Die Erwartungen der Marktteilnehmer hinsichtlich der Entwicklung der allgemeinen Ertrags- und Wertverhältnisse auf dem Grundstücksmarkt werden mit dem Liegenschaftszinssatz erfasst. Die Verwendung des angemessenen und nutzungstypischen Liegenschaftszinssatzes (§ 14 Absatz 1 und 3 ImmoWertV) dient insbesondere der Marktanpassung.
Liegenschaftszinssätze werden auf der Grundlage geeigneter Kaufpreise von für die jeweilige Nutzungsart typischen gleichartig bebauten und genutzten Grundstücken und den ihnen entsprechenden Reinerträgen unter Berücksichtigung der wirtschaftlichen Restnutzungsdauer ermittelt. Dafür sind die Gutachterausschüsse durch die Auswertung von Kaufverträgen mit der Ableitung der erforderlichen Daten zuständig. Denn der Gutachterausschuss führt eine Kaufpreissammlung, wertet sie aus und ermittelt Bodenrichtwerte und sonstige zur Wertermittlung erforderlichen Daten.

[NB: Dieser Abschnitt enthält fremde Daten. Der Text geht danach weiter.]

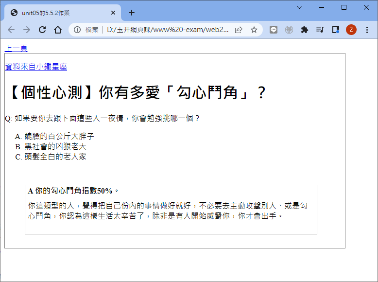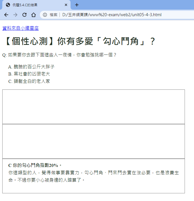 你可以透過 :hover 滑鼠特效,搭配 visibility 先將答案隱藏後,就可以讓使用者在不同的畫面中查看答案了! 其實上面的設計可能還沒有完整符合你的需求,讀者們可以發揮自己的創意,修改成各式各樣的展示喔!包括滑鼠指到 A, B, C 上面才顯示答案, 而不是移動滑鼠到下方的方塊上!

Für die Transparenz des Grundstücksmarktes ist es also wichtig, aus dem Marktgeschehen vor Ort marktkonforme Liegenschaftszinssätze abzuleiten. Viele Sachverständige operieren dabei mit Zahlen und Vorgaben, die sie aus zugänglichen Quellen übernehmen; das ist notwendig und auch zulässig.
Wenn der Bewertungssachverständige die Angaben des Gutachterausschusses verwendet, unterliegt er der Modellkonformität und muss daher solche Angaben laufend hinterfragen. Während technische Daten wie Normalherstellungskosten oder Indices ständig aktualisiert werden, werden wirtschaftliche Daten, wie der Liegenschaftszinssatz häufig unkritisch und als gegeben hingenommen und angewandt.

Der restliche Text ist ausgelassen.